▶ **WHAT YOU HAVE TO DO**: Exact duplicates of the lines from the top of the data through the line containing "コース全体を走らせることはで" are needed, with every picture left out.

▶ **DATA EXCERPT**:

== == ==

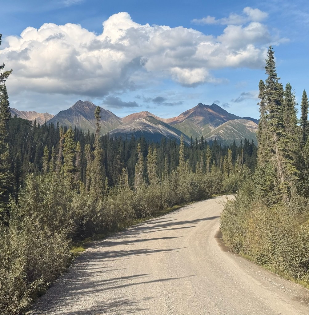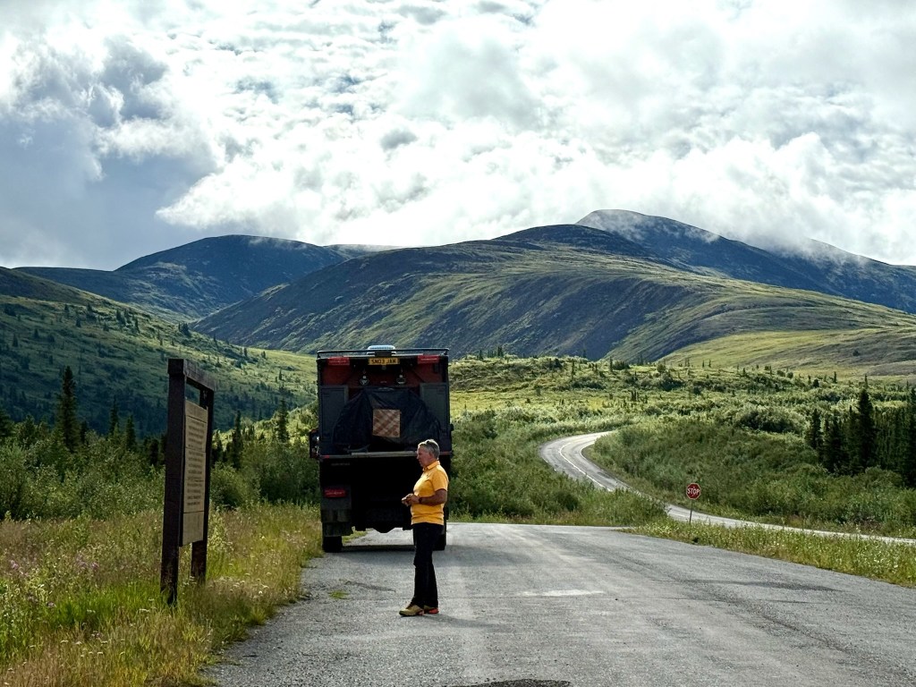 The drive itself was long and slow, miles and miles of trees and valleys unfolding with every bump and rattle. Thankfully, our Milepost Guidebook proved to be an invaluable resource in the cab — not just for pointing out places of interest but also for preparing us for road conditions.
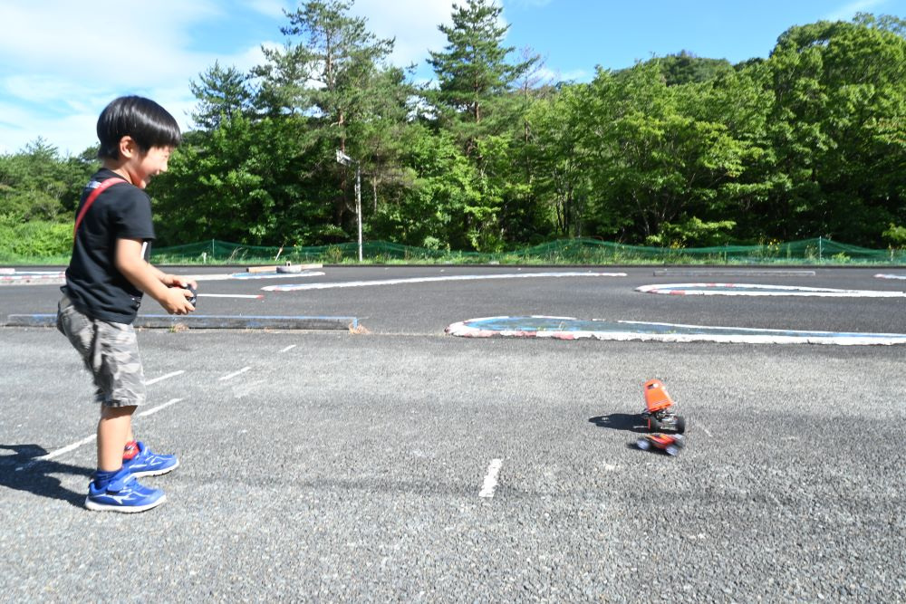コース全体を走らせることはできませんでしたが、普段よりも広々としたスペースでのびのびとラジコン遊びができて、満足げ♪
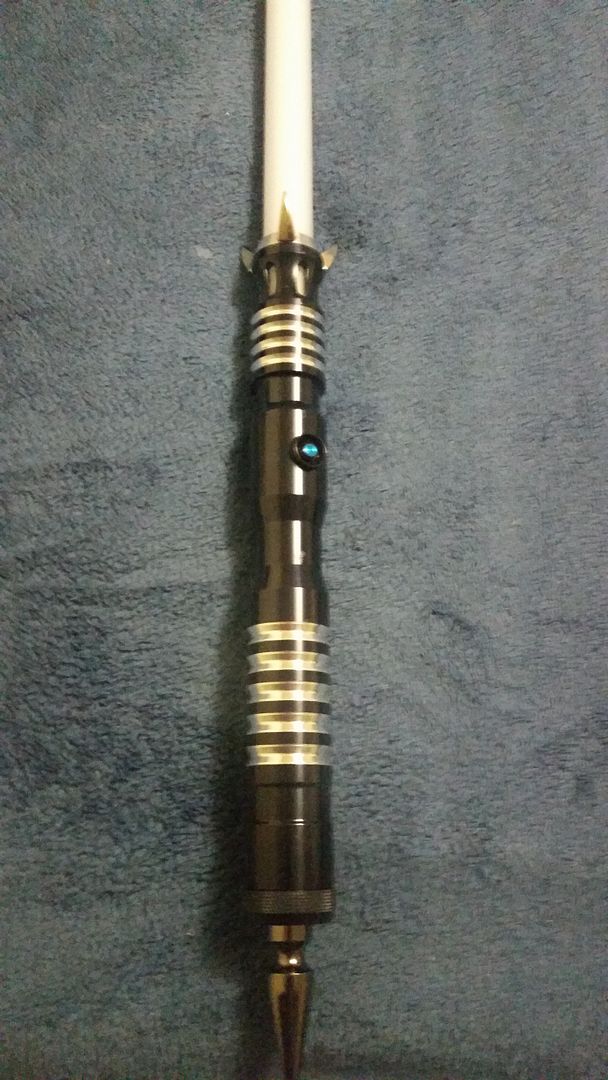 This was my first order from ultrasabers and most definitely wont be my last. I ordered three grab bags, two random colors and one in violet amethyst. The violet amethyst and one of the others are for co-workers and one is for myself. I received two of the dominix v4s one with LE (fire orange), other standard (consular green), both with windowed emitters, as well as a dark apprentice v4 in LE (violet amethyst). I gotta say the moment I picked up the Dominix LE and ignited it, I knew I had to keep this one for myself. I went straight to work putting some claws and a spike on it (after playing around with the other sabers of course), and almost considered doing a leather wrap, but I just loved the sleek lines too much to cover them up.
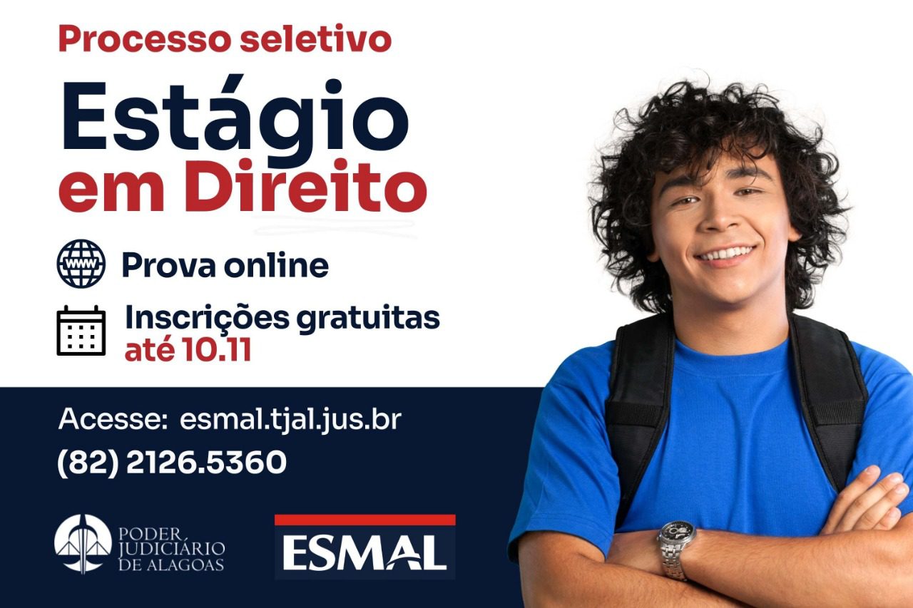 Termina na próxima quinta-feira (10) o prazo de inscrições para estágio em Direito no Poder Judiciário de Alagoas. O concurso tem como objetivo selecionar estudantes que tenham concluído o 4º período (regime de créditos) ou 2º ano (regime seriado) em instituições regularizadas junto ao Ministério da Educação. As inscrições são gratuitas e podem ser feitas aqui.

== == ==

▶ **ANSWER SPACE**:
 The drive itself was long and slow, miles and miles of trees and valleys unfolding with every bump and rattle. Thankfully, our Milepost Guidebook proved to be an invaluable resource in the cab — not just for pointing out places of interest but also for preparing us for road conditions.
コース全体を走らせることはできませんでしたが、普段よりも広々としたスペースでのびのびとラジコン遊びができて、満足げ♪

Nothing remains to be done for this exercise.